IE8 Beta2、完全標準ではないがクロスドメインに対応

    後藤大地  [2008/10/09]

    Windows Internet Explorer 8

    Microsoft, Program Manager, Sunava Dutta氏がIEBlogにおいてUpdates for AJAX in IE8 Beta 2のタイトルのもと、現在公開されているIE8 Beta 2で取り組まれたAjax関連の変更点を紹介している。純減が続いているとはいえIEはIE7とIE6の合計シェアが7割を越え依然として主要なブラウザであり続けている。Webデベロッパとしては、IE8は次の主要ブラウザになるとみて現在から対応をしておく必要がある。

    今後のWebアプリケーションはこれまでよりもマッシュアップやほかのWebサービスとの連携が進むことになるだろう。こうなってくると複数のサイトに対してアクセス要求を出す必要がある。いわゆるクロスドメイン通信の実現だ。将来的な展望としてはXMLHttpRequestの次期バージョンとして策定が進められているXMLHttpRequest Level 2がクロスドメイン通信の手段として標準になるのではないかとみられる。

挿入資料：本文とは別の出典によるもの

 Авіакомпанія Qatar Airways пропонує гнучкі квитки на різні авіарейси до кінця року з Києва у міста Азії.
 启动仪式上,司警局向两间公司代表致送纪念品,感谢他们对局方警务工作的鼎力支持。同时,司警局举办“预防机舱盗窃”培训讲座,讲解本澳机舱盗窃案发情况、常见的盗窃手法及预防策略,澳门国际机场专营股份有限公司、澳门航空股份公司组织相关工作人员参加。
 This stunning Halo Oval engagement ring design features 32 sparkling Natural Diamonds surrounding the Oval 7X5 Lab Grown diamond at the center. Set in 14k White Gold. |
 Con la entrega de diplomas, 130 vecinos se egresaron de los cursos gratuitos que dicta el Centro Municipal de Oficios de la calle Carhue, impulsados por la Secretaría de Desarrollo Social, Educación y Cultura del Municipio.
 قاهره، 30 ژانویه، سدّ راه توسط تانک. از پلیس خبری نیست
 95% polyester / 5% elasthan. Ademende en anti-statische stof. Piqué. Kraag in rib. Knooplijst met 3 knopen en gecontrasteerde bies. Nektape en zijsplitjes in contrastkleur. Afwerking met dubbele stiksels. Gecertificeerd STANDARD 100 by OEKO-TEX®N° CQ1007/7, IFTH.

    現状でもすでにクロスサイト通信を実現するためのテクニックやサービス、またはそれらを実装したAjax JavaScriptライブラリは存在する。しかしながらWebブラウザが機能を実装することになればそれがデフォルトとして使われる可能性が高い。仕様や仕組みはすでに明らかになっているため先行して実験的な開発に取り組みたいところだが、XMLHttpRequest Level 2は仕様が定まっていないことから自力でWebブラウザをビルドしている場合を除いては簡単に試せる環境がない。

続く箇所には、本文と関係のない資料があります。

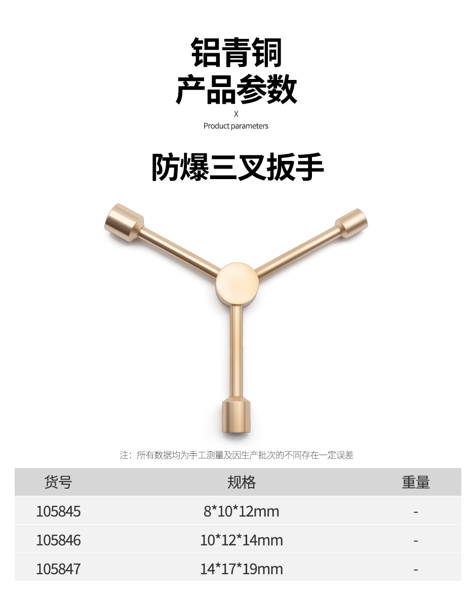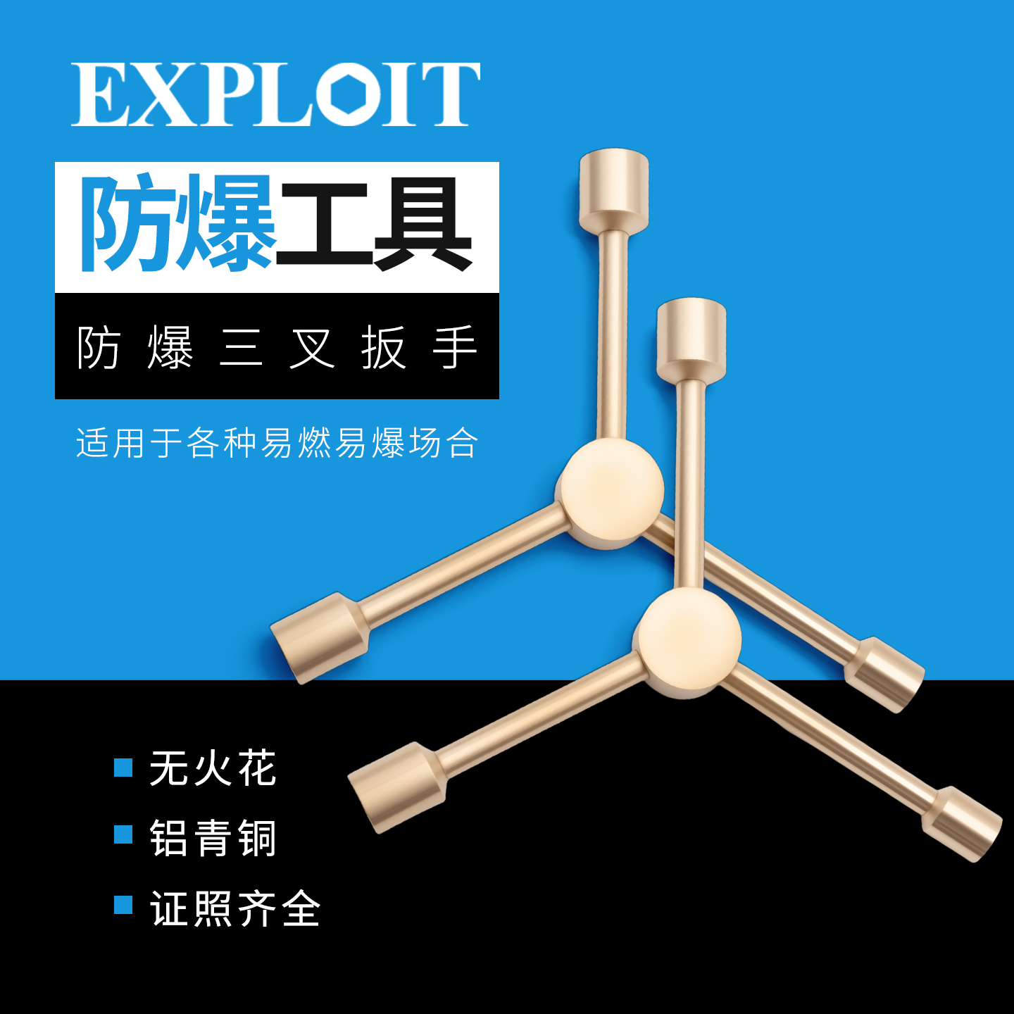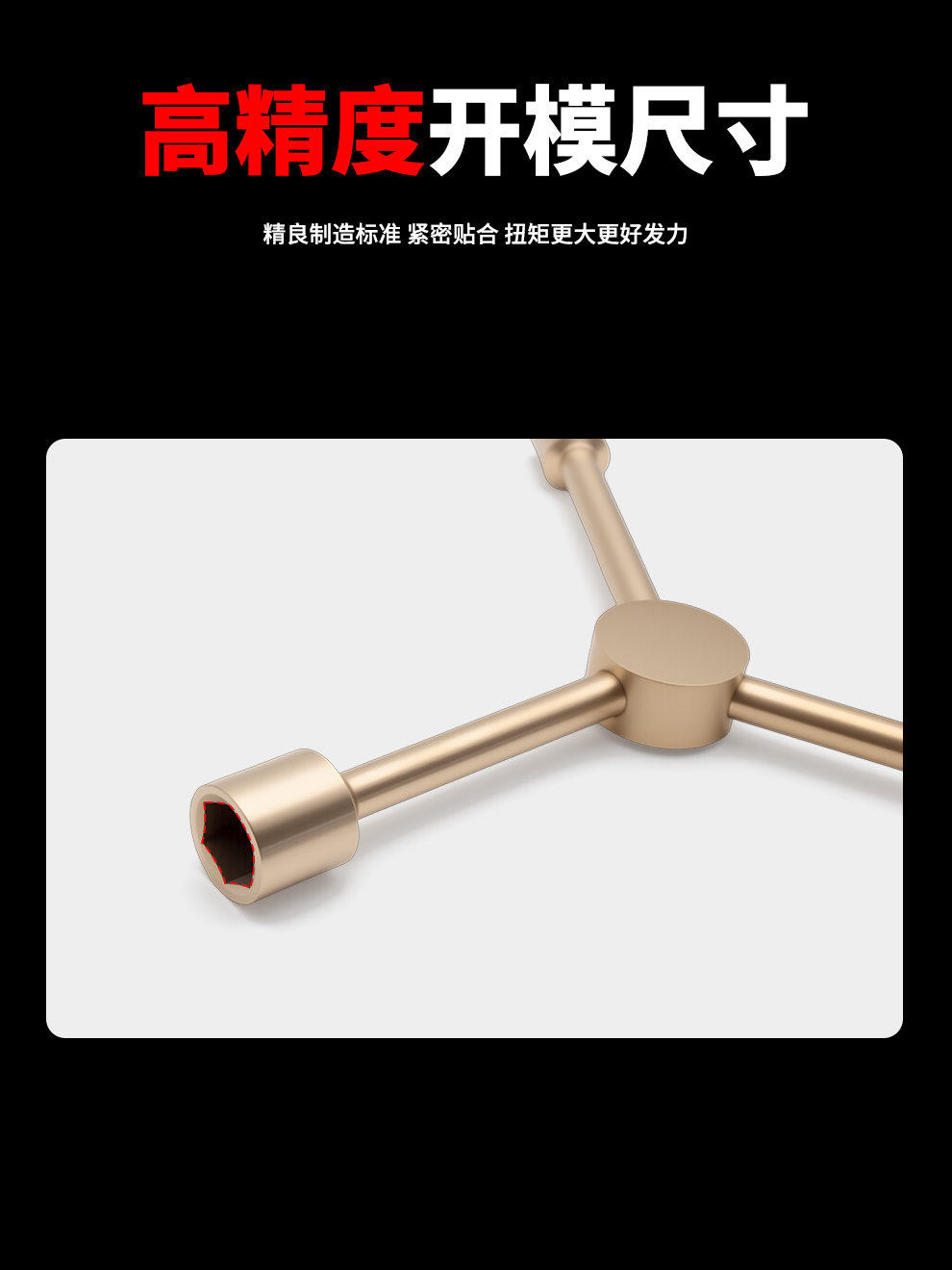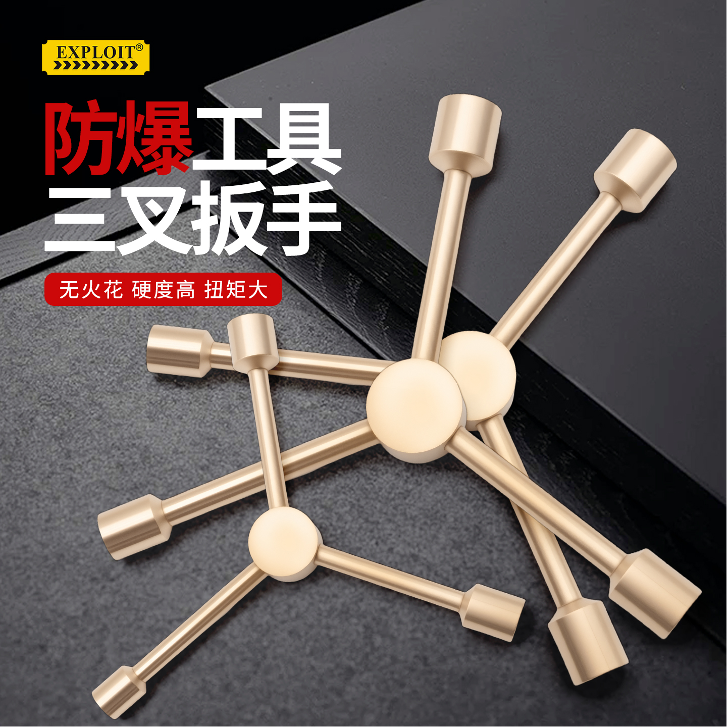 开拓防爆三叉扳手铝青铜多用三头扳手全铜无火花三岔套筒扳子

    そこでIE8 Beta 2だ。Sunava Dutta氏も説明しているが、IE8 Beta 2ではXMLHttpRequest Level 2ではなく独自実装ではあるもののXDomainRequestが改善されAccess-Control指定が使えるようになった。このためXMLHttpRequest Level 2とまったく同じではないがIE8 Beta 2のXDomainRequestを使ってXMLHttpRequest Level 2のような処理を試験的に開発できる。

    Safari 4やFirefox 3.1、次期Operaなどで順次XMLHttpRequest Level 2の機能が提供されることになるとみられるが、今のところでIE8 Beta 2のXDomainRequestを使って試しておくのが簡単のようだ。そのほかIE8 Beta 2におけるAjax関連の変更がUpdates for AJAX in IE8 Beta 2にまとまっているので興味があるWebデベロッパはチェックしてみるといいだろう。